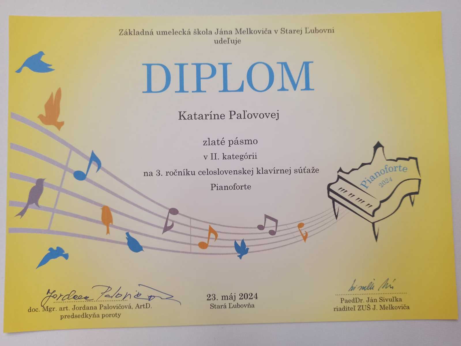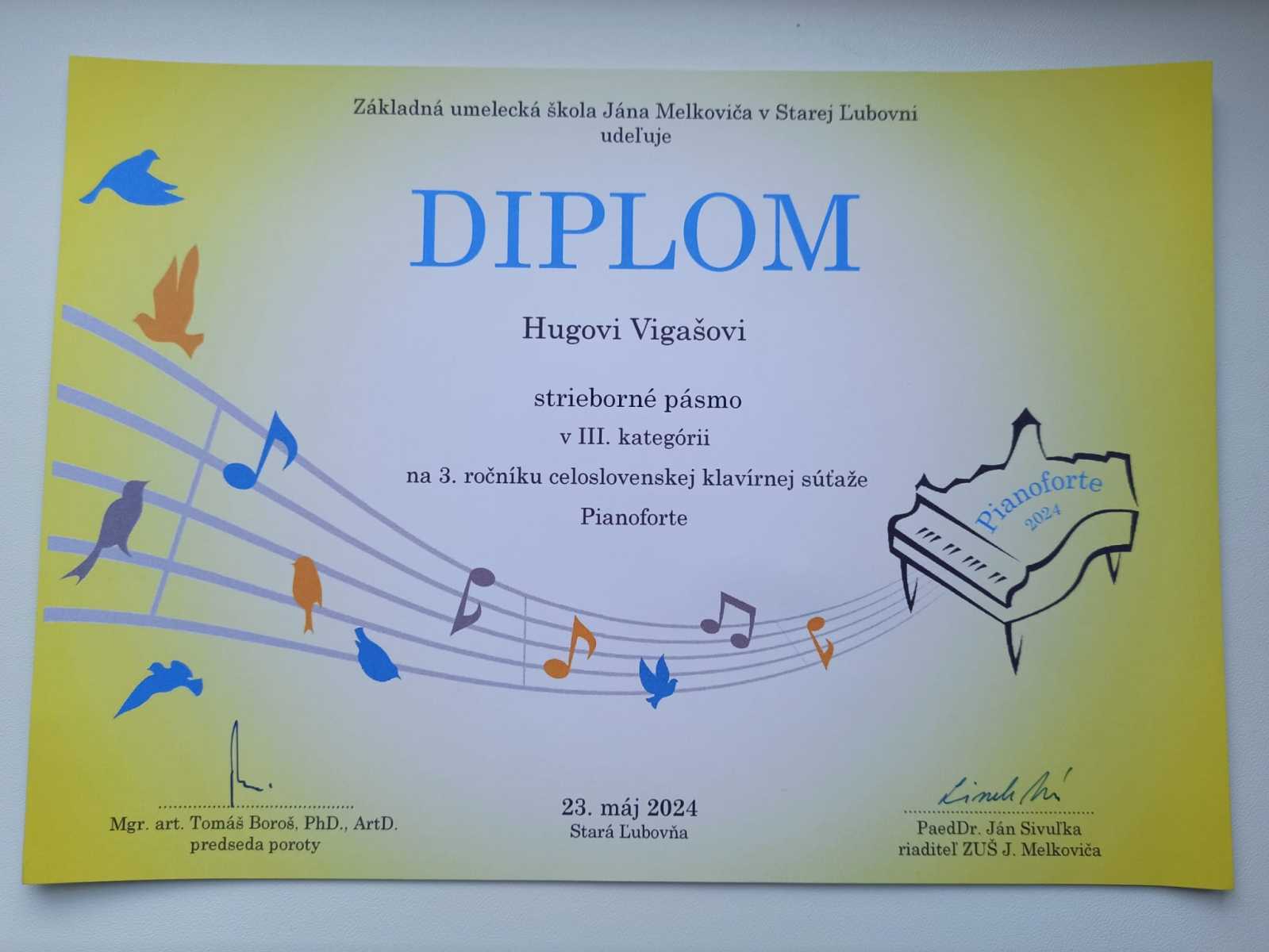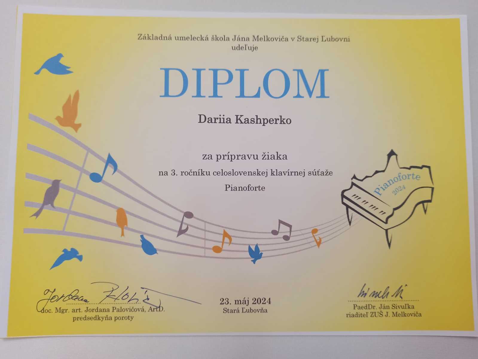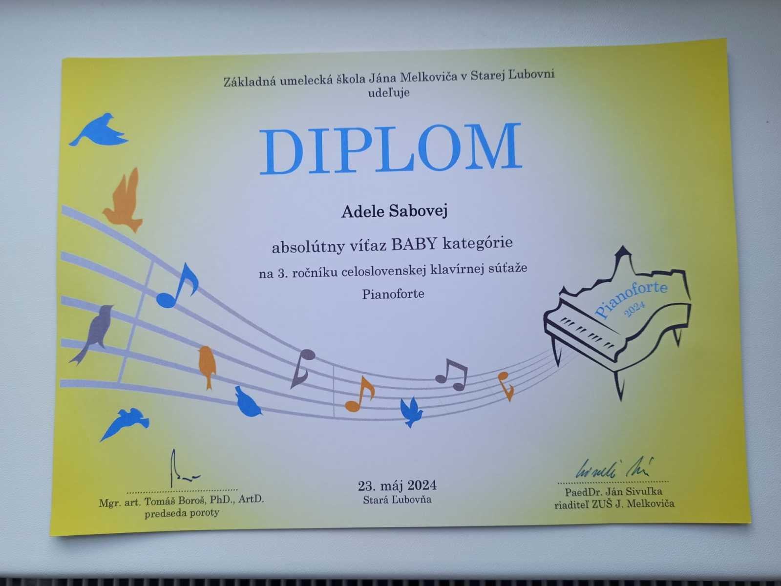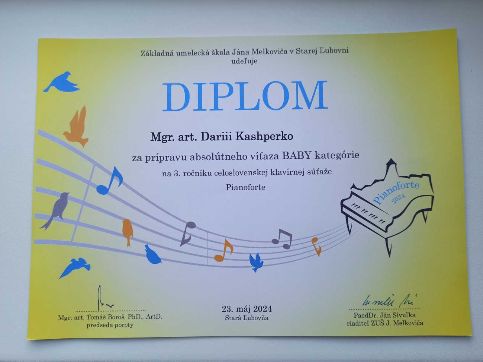 Pianoforte 2024 Celoslovenská klavírna súťaž5. júna 202425. marca 2026 Laureát súťaže v kategórii BABY- Adelka Sabová 1.miesto Katarina Paľovová a 3.miesto Hugo Vigaš. P.uč.Daria bola tiež ocenená za najlepšieho pedagóga. Všetkým srdečne gratulujeme.
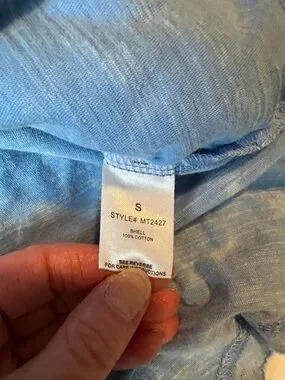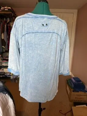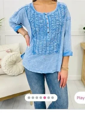 Washed light blue long-sleeve henley with ruched front panel. Button placket at center front. Soft, relaxed silhouette for casual wear. Three-quarter sleeves with rolled cuffs.
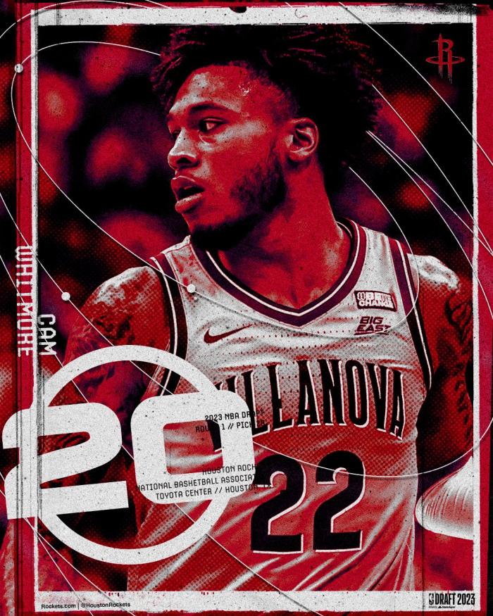 在NBA选秀时,本来被看好能在前五顺位被选中的惠特摩尔,选秀行情一路下跌,最终火箭捡漏,用20号签选中他;期间惠特摩尔一度黑脸十分无奈,戴上火箭选秀帽后他挤出笑容。
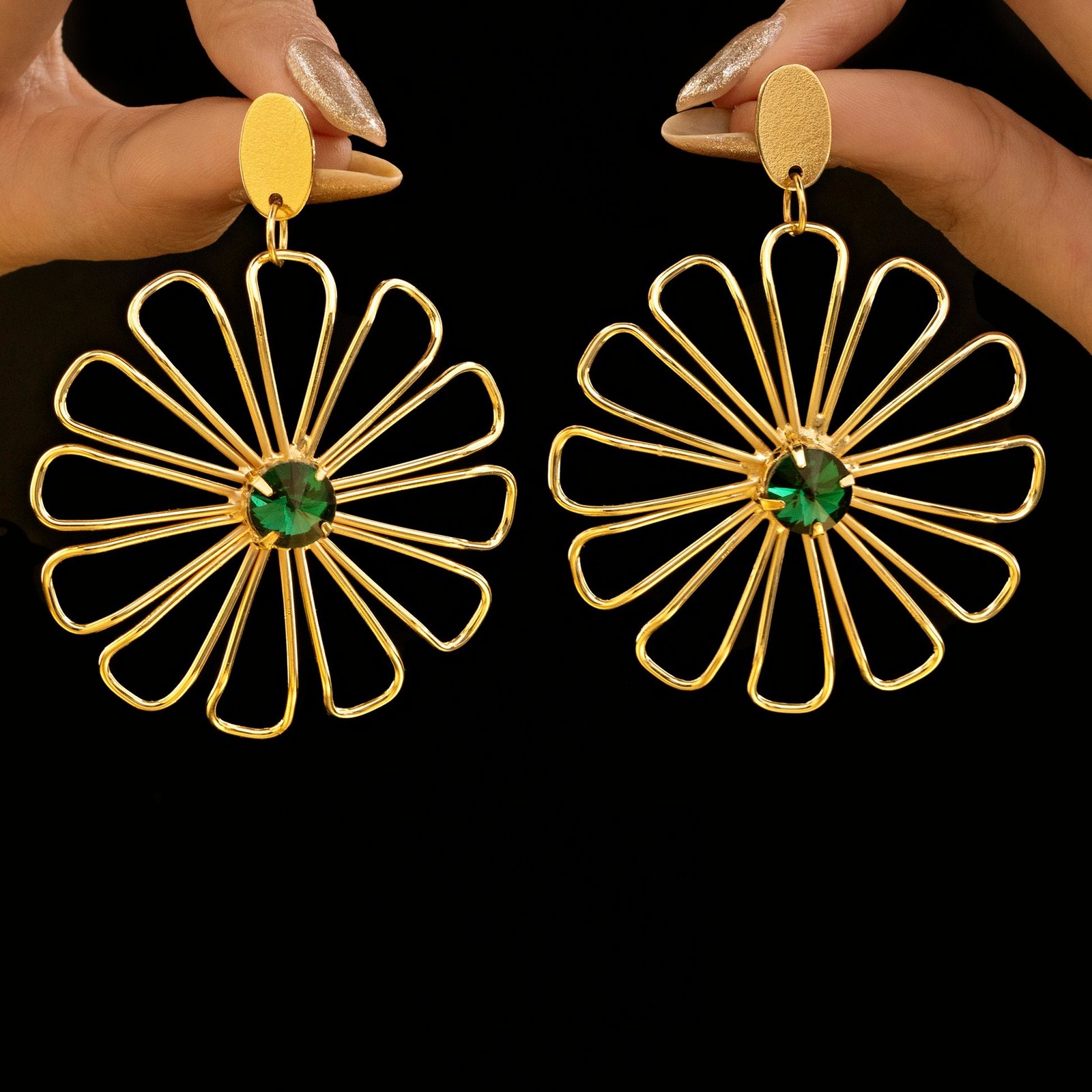 EYRA Earrings Anti-Tarnish Golden Flower & Emerald Danglers
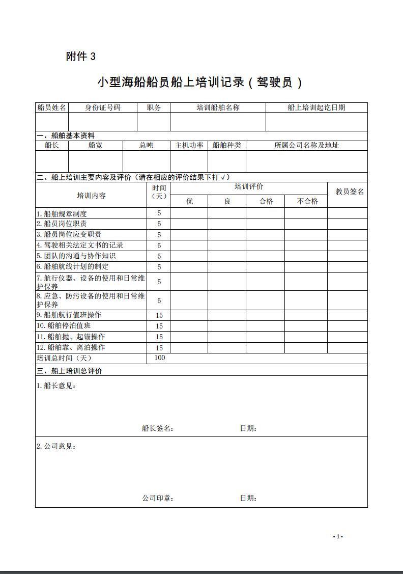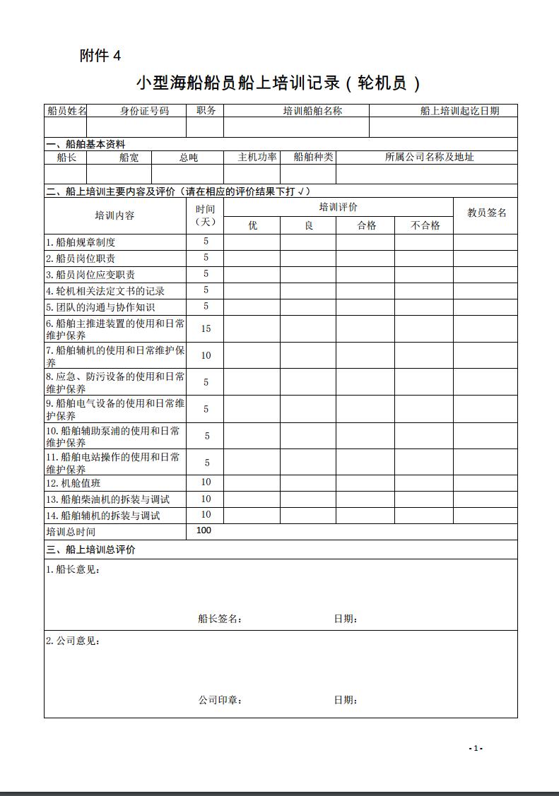 (九)小型海船船员船上培训记录(附件3、附件4);
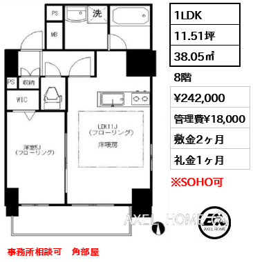| 条件 | 事務所・SOHO相談可(敷金2ヶ月、賃料等に別途消費税) |
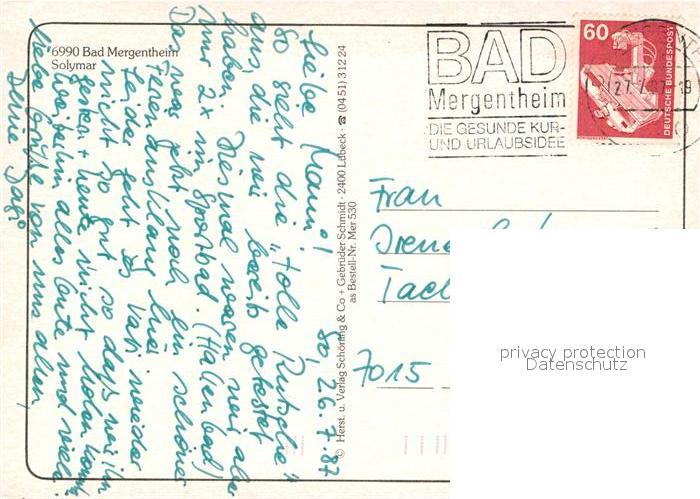 72984563 alte Postkarte Bad Mergentheim Solymar Schwimmbad postalisch gelaufen Erhaltung siehe scans [LiesaD40] KatCode: 11110008128007
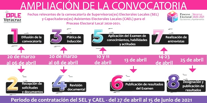 Xalapa, Ver., 30 de marzo de 2021. Con la finalidad de captar un mayor número de aspirantes, el Consejo General del Organismo Público Local Electoral del Estado de Veracruz (OPLE), aprobó la extensión de plazos de las actividades de reclutamiento y selección de Supervisoras/es Electorales Locales (SEL) y Capacitadoras/es Asistentes Electorales Locales (CAEL), para el Proceso Electoral Local Ordinario 2020-2021.
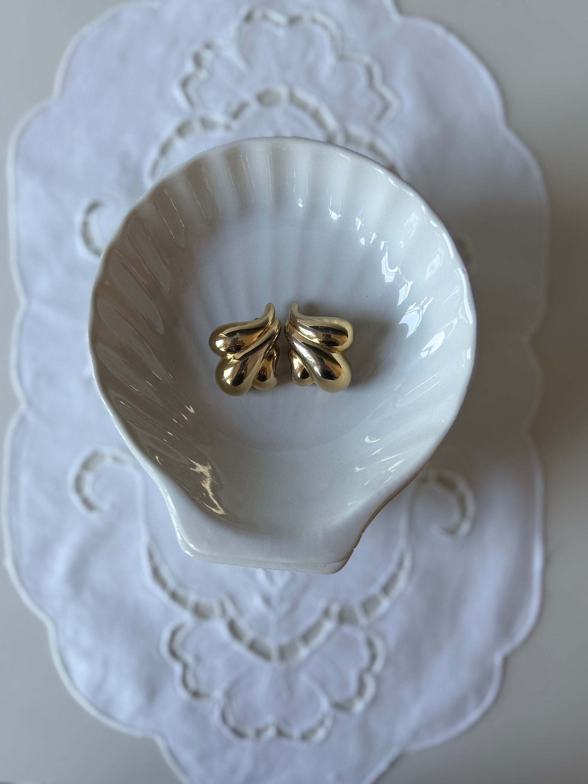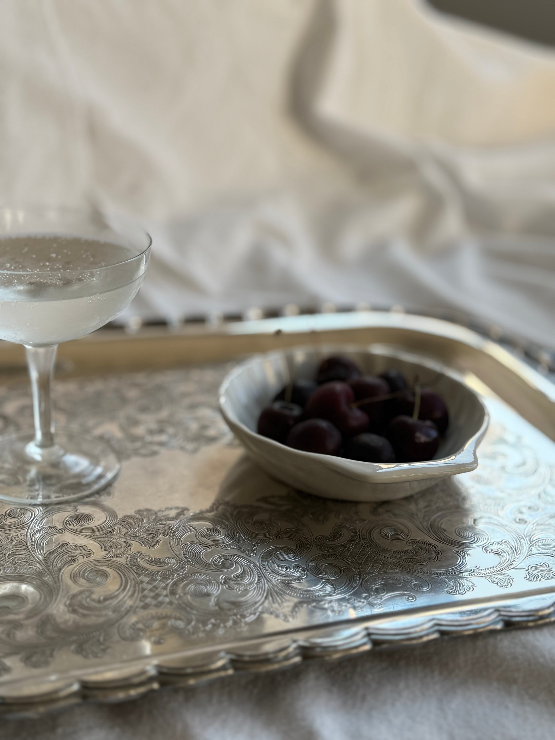 A beautiful set of six ceramic dishes shaped like scallop shells, finished in a crisp white glaze. Measuring 6 inches across, they are ideal for desserts, appetizers, salads, or as stylish catch-all trays for jewelry and small treasures.
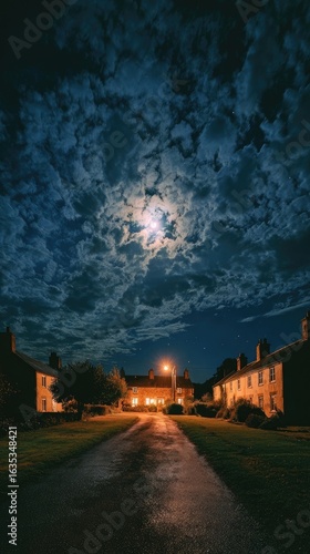 night, moon, village, house, street, road, full, cloud, sky, light, dark, calm, peaceful, rural, exterior, landscape, photo, photo, gold, yellow, orange, illuminated, building, home, tree, grass, lawn, path, urban, country, residential, evening, twilight, cloudy, quiet, still, blurry, soft, ambience, atmosphere, tranquil, serene, mystery, magic, dreamy, rustic
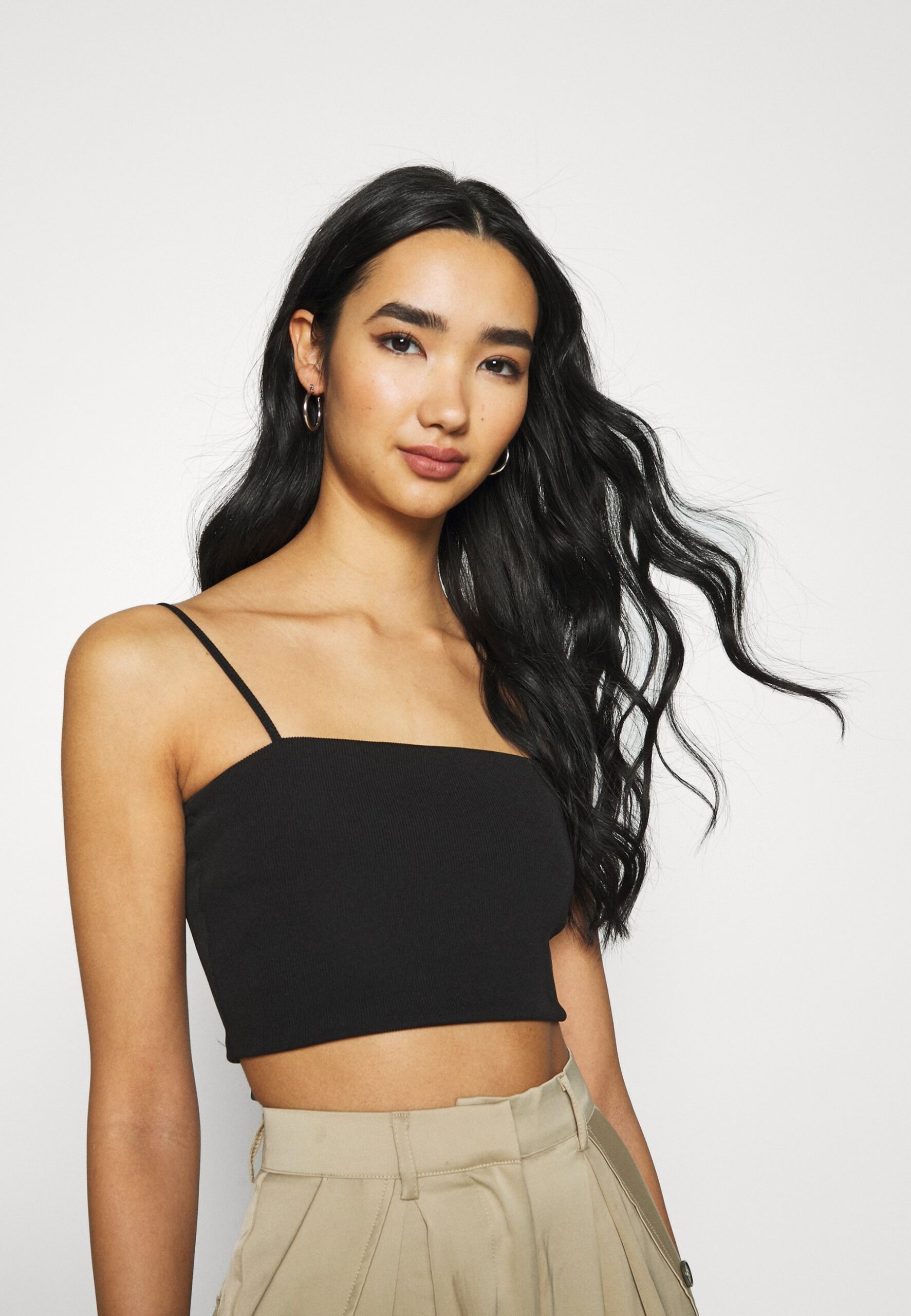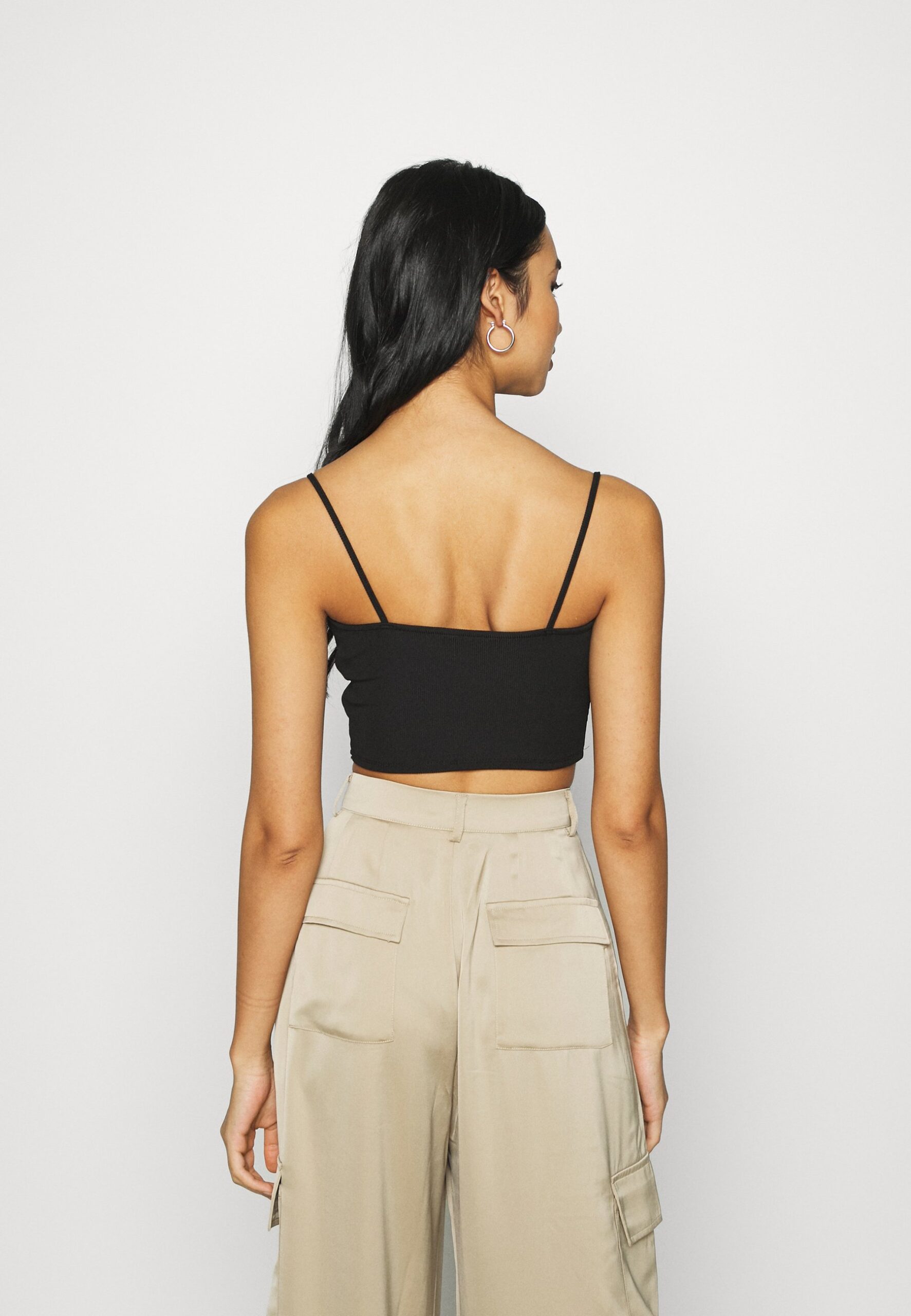 CZarny krótki prążkowany top na ramiączkach XS

## INSTRUCTIONS TO FOLLOW
Everything in the material goes into the copy exactly, except the images.

## TASK SOLUTION
 Pianoforte 2024 Celoslovenská klavírna súťaž5. júna 202425. marca 2026 Laureát súťaže v kategórii BABY- Adelka Sabová 1.miesto Katarina Paľovová a 3.miesto Hugo Vigaš. P.uč.Daria bola tiež ocenená za najlepšieho pedagóga. Všetkým srdečne gratulujeme.
 Washed light blue long-sleeve henley with ruched front panel. Button placket at center front. Soft, relaxed silhouette for casual wear. Three-quarter sleeves with rolled cuffs.
 在NBA选秀时,本来被看好能在前五顺位被选中的惠特摩尔,选秀行情一路下跌,最终火箭捡漏,用20号签选中他;期间惠特摩尔一度黑脸十分无奈,戴上火箭选秀帽后他挤出笑容。
 EYRA Earrings Anti-Tarnish Golden Flower & Emerald Danglers
 (九)小型海船船员船上培训记录(附件3、附件4);
| 条件 | 事務所・SOHO相談可(敷金2ヶ月、賃料等に別途消費税) |
 72984563 alte Postkarte Bad Mergentheim Solymar Schwimmbad postalisch gelaufen Erhaltung siehe scans [LiesaD40] KatCode: 11110008128007
 Xalapa, Ver., 30 de marzo de 2021. Con la finalidad de captar un mayor número de aspirantes, el Consejo General del Organismo Público Local Electoral del Estado de Veracruz (OPLE), aprobó la extensión de plazos de las actividades de reclutamiento y selección de Supervisoras/es Electorales Locales (SEL) y Capacitadoras/es Asistentes Electorales Locales (CAEL), para el Proceso Electoral Local Ordinario 2020-2021.
 A beautiful set of six ceramic dishes shaped like scallop shells, finished in a crisp white glaze. Measuring 6 inches across, they are ideal for desserts, appetizers, salads, or as stylish catch-all trays for jewelry and small treasures.
 night, moon, village, house, street, road, full, cloud, sky, light, dark, calm, peaceful, rural, exterior, landscape, photo, photo, gold, yellow, orange, illuminated, building, home, tree, grass, lawn, path, urban, country, residential, evening, twilight, cloudy, quiet, still, blurry, soft, ambience, atmosphere, tranquil, serene, mystery, magic, dreamy, rustic
 CZarny krótki prążkowany top na ramiączkach XS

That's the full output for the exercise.